Революции 1917 года в России как серия заговоров - Коллектив авторов -- История
В прессе поднимается вакханалия, которая завершается физическим устранением Распутина. Век спустя британские историки и кинематографисты (в частности, в историко-документальной ленте «Кто убил Распутина?») назовут имя Освальда Рейнера, близкого знакомого выпускника Оксфорда Феликса Юсупова, непосредственно участвовавшего в убийстве по инструкции директора Секретного бюро разведки Мэнсфилда Смита-Камминга.
Император остался без экзотического, иррационального, но неангажированного и чуткого на опасность советника. Фактически и государем, и Николаем Николаевичем манипулирует ложа мартинистов, а новые кадры для Временного правительства готовит ложа «Великий Восток». Элита дробится и раскалывается – во дворцах и в кабинетах – до такой степени, что говорить о двух сторонах борьбы невозможно: сторон множество. Но посольства Великобритании и США держат руку на пульсе, как видно даже по осторожным мемуарам Брюса Локкарта. Его агент Сидней Рейли контактирует и с штаб-квартирой Эдварда Хауса, и с Вениамином Свердловым, и с оружейным магнатом Базилем Захаровым, партнером которого является Парвус. Предопределен и первый, и второй, «запасной» состав Временного правительства.

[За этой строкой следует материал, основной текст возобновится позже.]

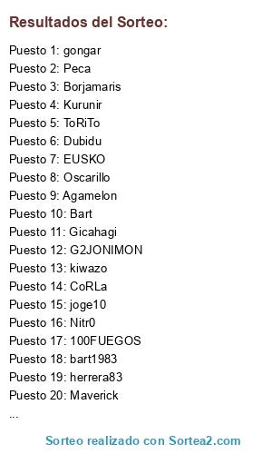 Lista de participantes: bart1983, victorochoa, Maverick, 100FUEGOS, burfok, ToRiTo, Gicahagi, Kurunir, CoRLa, Peca, Nitr0, Oscarillo, Borjamaris, EUSKO, juanlutotty, Dubidu, kiwazo, herrera83, Agamelon, gongar, joge10, Hugor83, Bart, G2JONIMON.
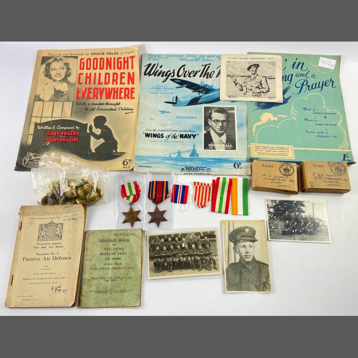 A FANTASTIC WW2 MEMORABILIA collection to include a rare 2nd New Zealand Expeditionary Force Middle East 1942/43 Christmas card, 2 WW2 MILITARY MANUALS - all Arms Record Book named & passive Air Defence 1941 Protection against Gas and Air Raids, 3 x WW2 Sheet music – Wings Over the Navy SIGNED by composer HARRY WARREN, Comin in on a Wing and a Prayer, Goodnight Children Everywhere – Gracie Fields, genuine WW2 photographs card medal box, a genuine Italy Star with Ribbon and Burma Star with Ribbon also various other WW2 ribbons, and 22 various WW2 Royal Navy buttons.

Они просчитают, однако, не все. Им не удастся просчитать подготовку Брестского мира. После заключения этого договора Германия развернет мощное наступление, а те планы, которые обсуждали в Париже лорд Сесиль и маршал Фош, сгорят синим пламенем. После чего самоуправленцы-эсеры, в их числе ветеран «Народной воли» Марк Натансон, попытаются устроить путч. Существует и второй сценарий, где задействован Рейли. Избавиться от руководства большевиков вдруг захочется и «германскому шпиону» Парвусу, но он не получит поддержки в Берлине.
Первый акт гражданской войны – не немецкое наступление, а английский десант в Мурманске. Брестский договор будет дезавуирован Рапалльским, зато Финляндия так и перестанет быть частью Великой России. Когда утихнут бои, на карте мира останется почти та же великая Россия, только без Польши и Финляндии – двух территорий, с которыми «работали» в Лондоне в течение предшествующих ста лет.

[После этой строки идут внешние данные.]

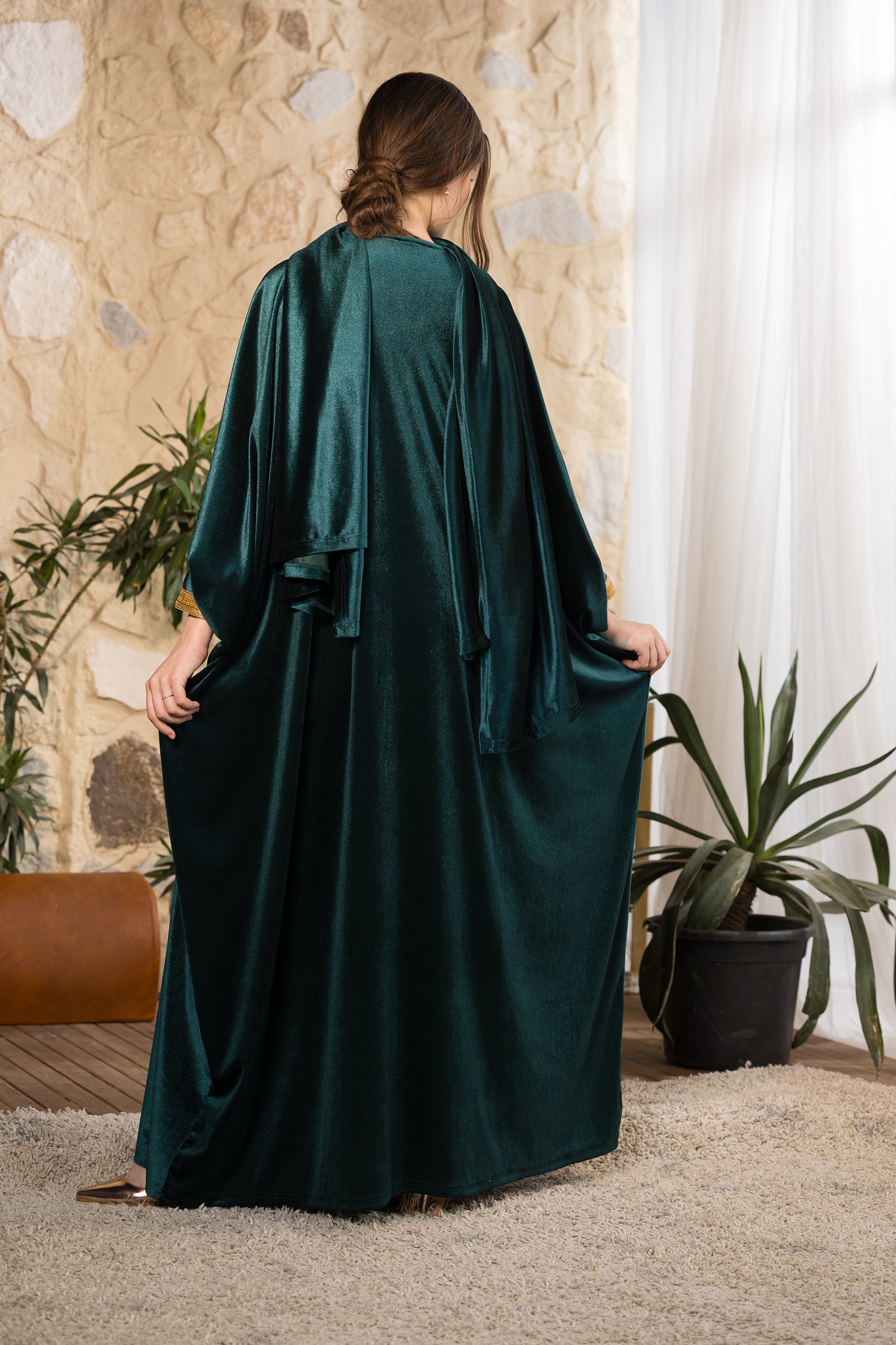 Emerald Serenity Velvet Abaya

Ключевую роль в этой «работе» играла пресса. Следует отметить, что Англия – не только первая страна в Европе, где появилась периодическая печать, но и первая страна, где возникли журналистские жанры, предназначенные для высмеивания оппонентов словесными и образными средствами. Контроль над массовым сознанием через СМИ станет определяющим фактором войн атомной эры.
Эксперименты с церковью
Прямое и опосредованное (рациональное и эмоциональное) воздействие на умы через СМИ было в начале XX века не единственным средством манипуляции массовыми аудиториями. Отдельным «полем сражения» была (также, как и в Индии, Китае, Турции) религиозная сфера.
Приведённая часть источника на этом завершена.